Directions
Using the listing below, set down each line from the line containing "- Das Gerät" through the line containing "Нидерланды. Эредивизи 16.03.2019", both ends included, exactly and with nothing added.

The records
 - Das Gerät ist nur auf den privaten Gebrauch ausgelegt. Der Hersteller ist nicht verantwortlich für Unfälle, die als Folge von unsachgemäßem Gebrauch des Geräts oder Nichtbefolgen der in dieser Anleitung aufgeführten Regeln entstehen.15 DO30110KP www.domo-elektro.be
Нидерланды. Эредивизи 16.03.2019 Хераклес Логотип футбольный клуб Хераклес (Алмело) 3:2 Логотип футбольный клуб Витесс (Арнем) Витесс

---

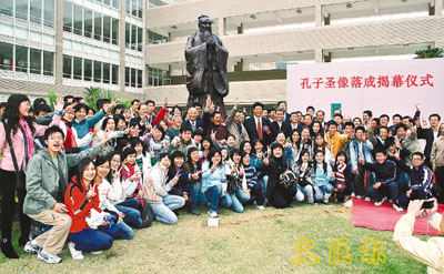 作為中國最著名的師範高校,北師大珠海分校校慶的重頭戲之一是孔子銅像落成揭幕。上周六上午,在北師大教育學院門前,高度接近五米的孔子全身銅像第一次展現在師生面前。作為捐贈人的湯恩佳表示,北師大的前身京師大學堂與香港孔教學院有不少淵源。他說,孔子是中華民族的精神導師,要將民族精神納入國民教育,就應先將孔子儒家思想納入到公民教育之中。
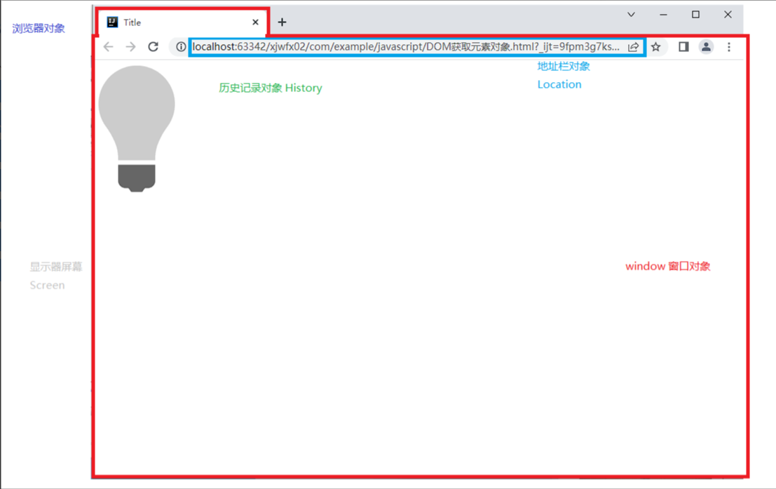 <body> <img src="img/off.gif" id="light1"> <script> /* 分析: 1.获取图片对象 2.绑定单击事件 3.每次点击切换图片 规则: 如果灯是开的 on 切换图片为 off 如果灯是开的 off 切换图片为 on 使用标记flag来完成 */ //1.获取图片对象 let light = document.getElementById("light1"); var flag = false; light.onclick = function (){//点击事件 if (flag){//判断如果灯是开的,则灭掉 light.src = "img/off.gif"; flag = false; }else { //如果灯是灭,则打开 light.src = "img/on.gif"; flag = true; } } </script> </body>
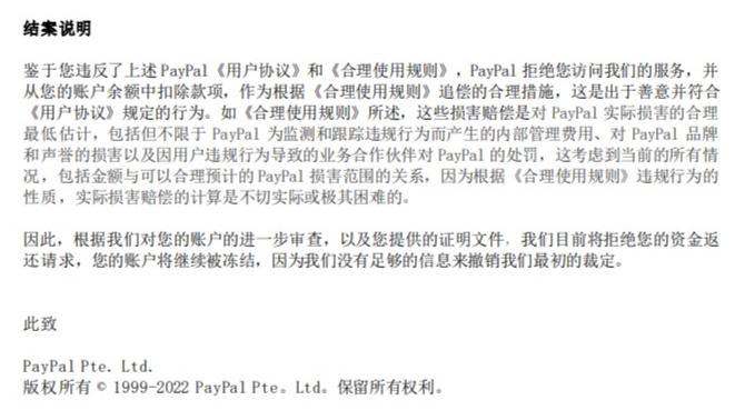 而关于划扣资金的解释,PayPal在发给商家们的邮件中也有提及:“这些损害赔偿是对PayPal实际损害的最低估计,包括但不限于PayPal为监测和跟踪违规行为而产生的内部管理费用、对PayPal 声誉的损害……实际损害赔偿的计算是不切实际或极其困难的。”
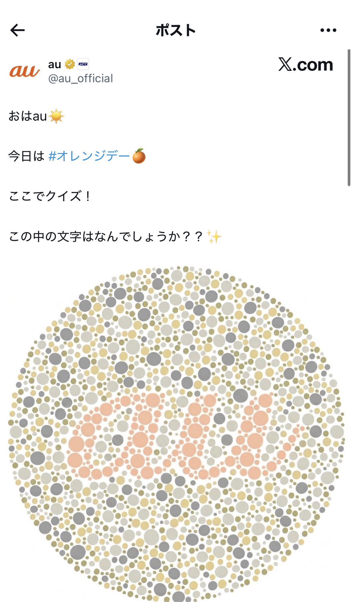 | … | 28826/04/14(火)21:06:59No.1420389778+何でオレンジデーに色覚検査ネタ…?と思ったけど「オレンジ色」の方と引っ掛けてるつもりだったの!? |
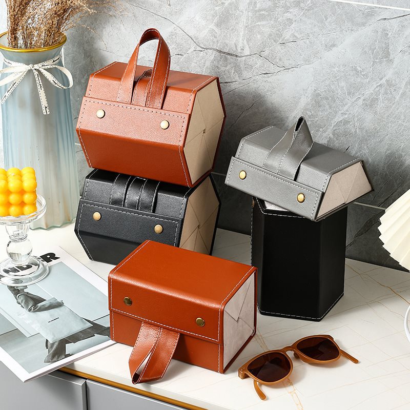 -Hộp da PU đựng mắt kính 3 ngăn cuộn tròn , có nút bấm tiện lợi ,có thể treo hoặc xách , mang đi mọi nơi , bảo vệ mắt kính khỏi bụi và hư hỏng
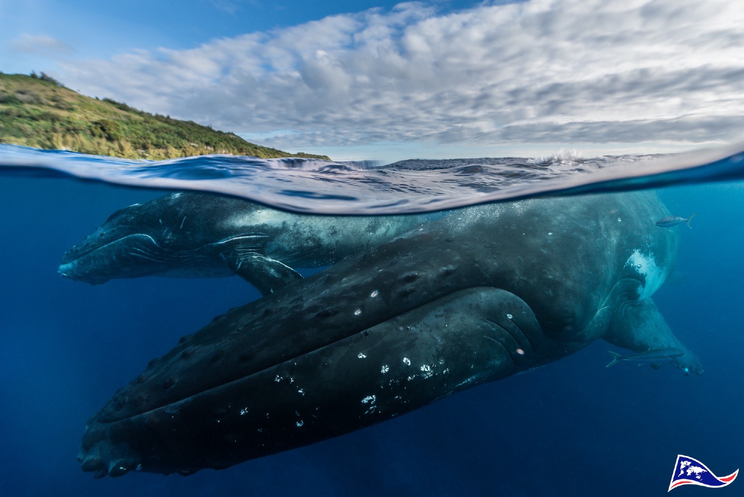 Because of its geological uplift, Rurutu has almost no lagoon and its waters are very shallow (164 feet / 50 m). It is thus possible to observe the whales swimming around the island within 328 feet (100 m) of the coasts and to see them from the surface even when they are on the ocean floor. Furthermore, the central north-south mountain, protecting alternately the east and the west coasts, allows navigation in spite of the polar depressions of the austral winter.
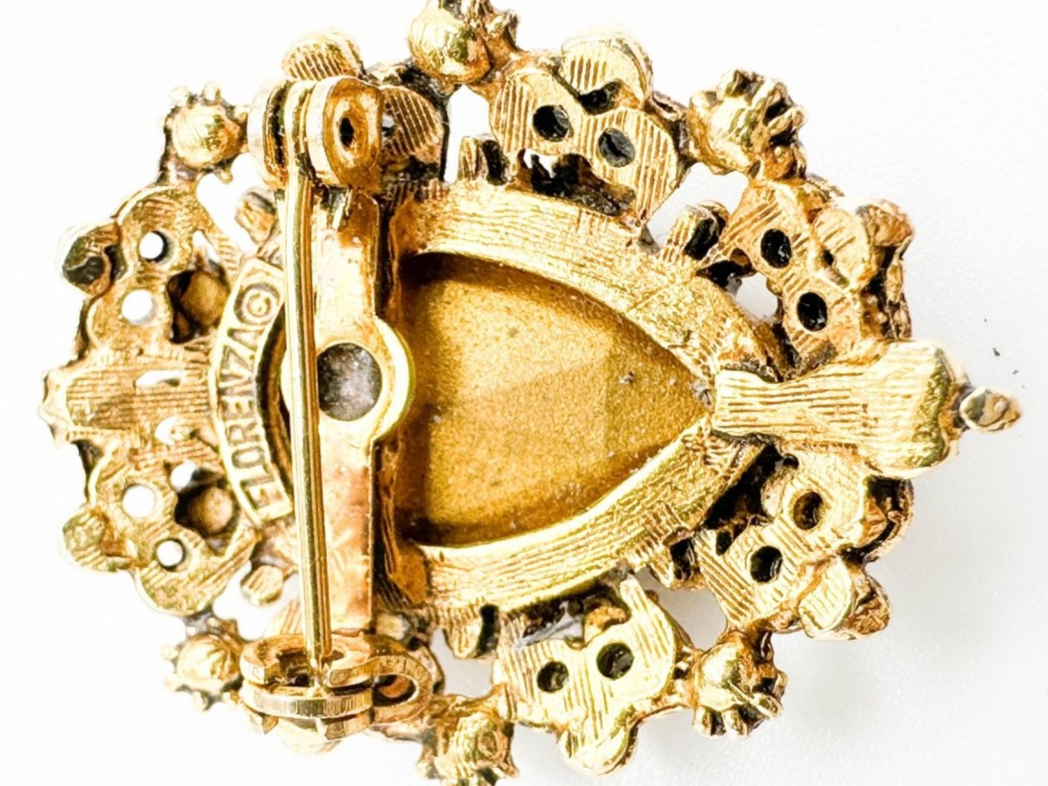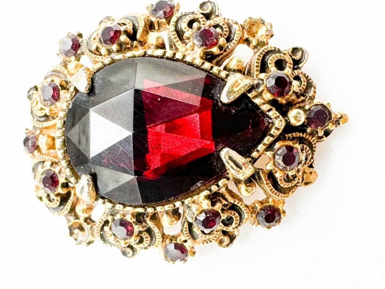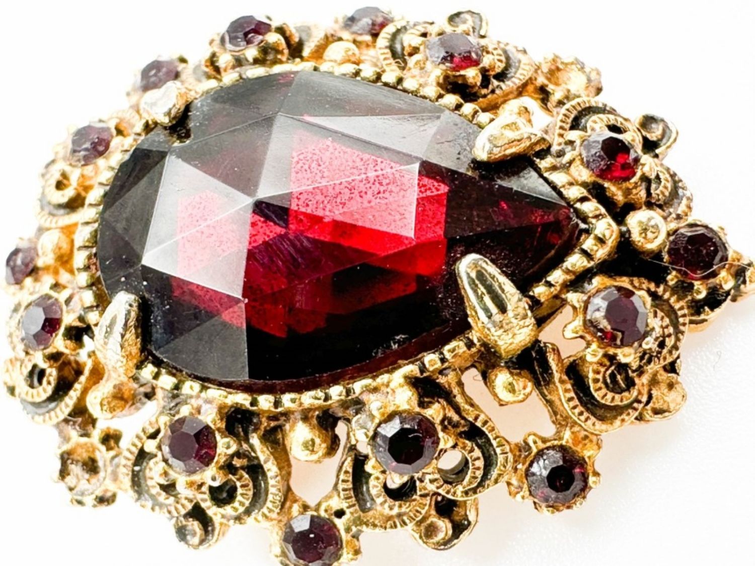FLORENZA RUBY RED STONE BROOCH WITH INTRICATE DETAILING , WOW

==

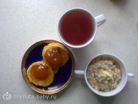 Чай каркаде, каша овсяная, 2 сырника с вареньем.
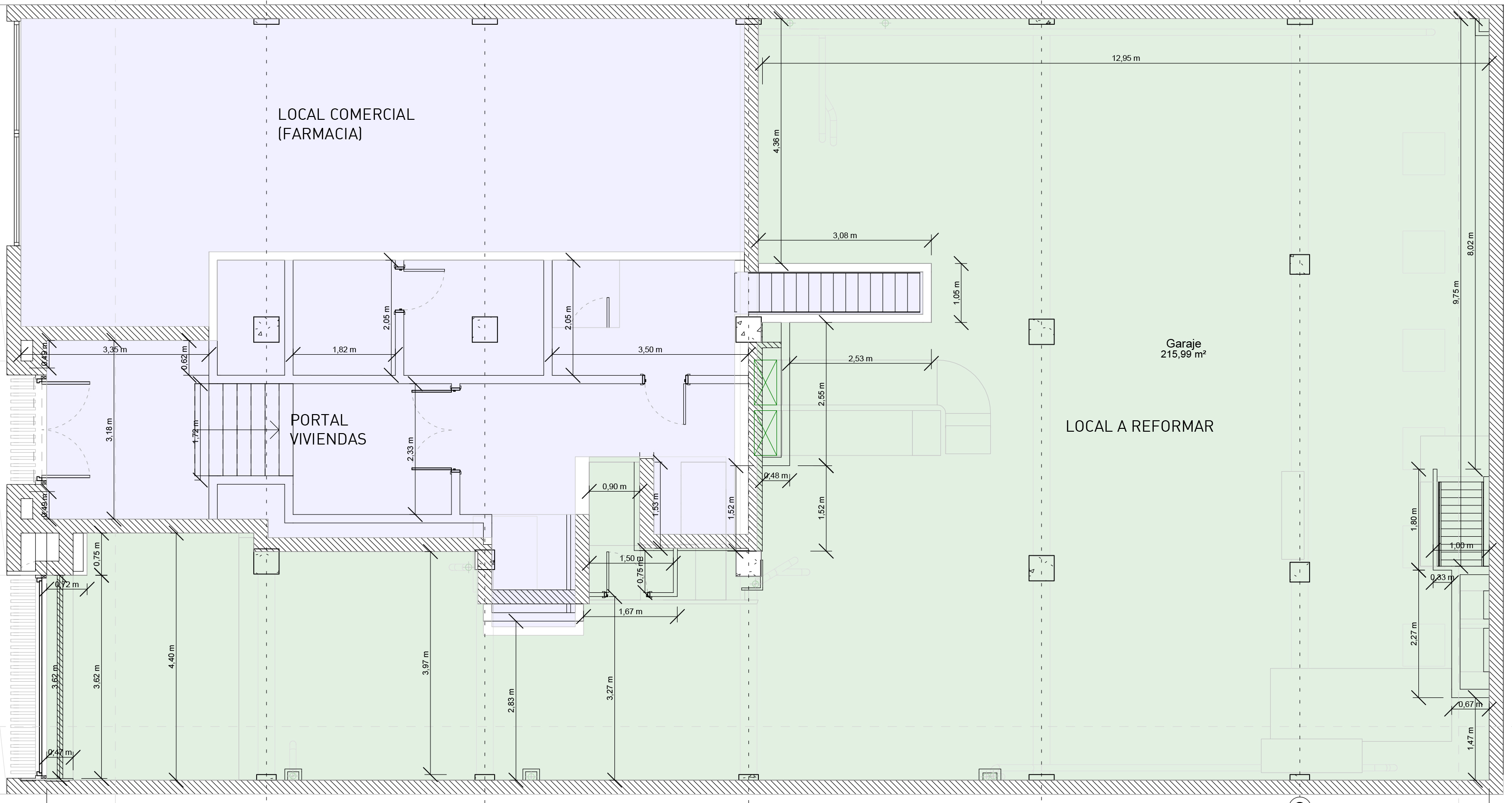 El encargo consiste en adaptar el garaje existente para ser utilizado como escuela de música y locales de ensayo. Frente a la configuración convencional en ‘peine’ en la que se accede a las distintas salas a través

Result of the task
 - Das Gerät ist nur auf den privaten Gebrauch ausgelegt. Der Hersteller ist nicht verantwortlich für Unfälle, die als Folge von unsachgemäßem Gebrauch des Geräts oder Nichtbefolgen der in dieser Anleitung aufgeführten Regeln entstehen.15 DO30110KP www.domo-elektro.be
Нидерланды. Эредивизи 16.03.2019 Хераклес Логотип футбольный клуб Хераклес (Алмело) 3:2 Логотип футбольный клуб Витесс (Арнем) Витесс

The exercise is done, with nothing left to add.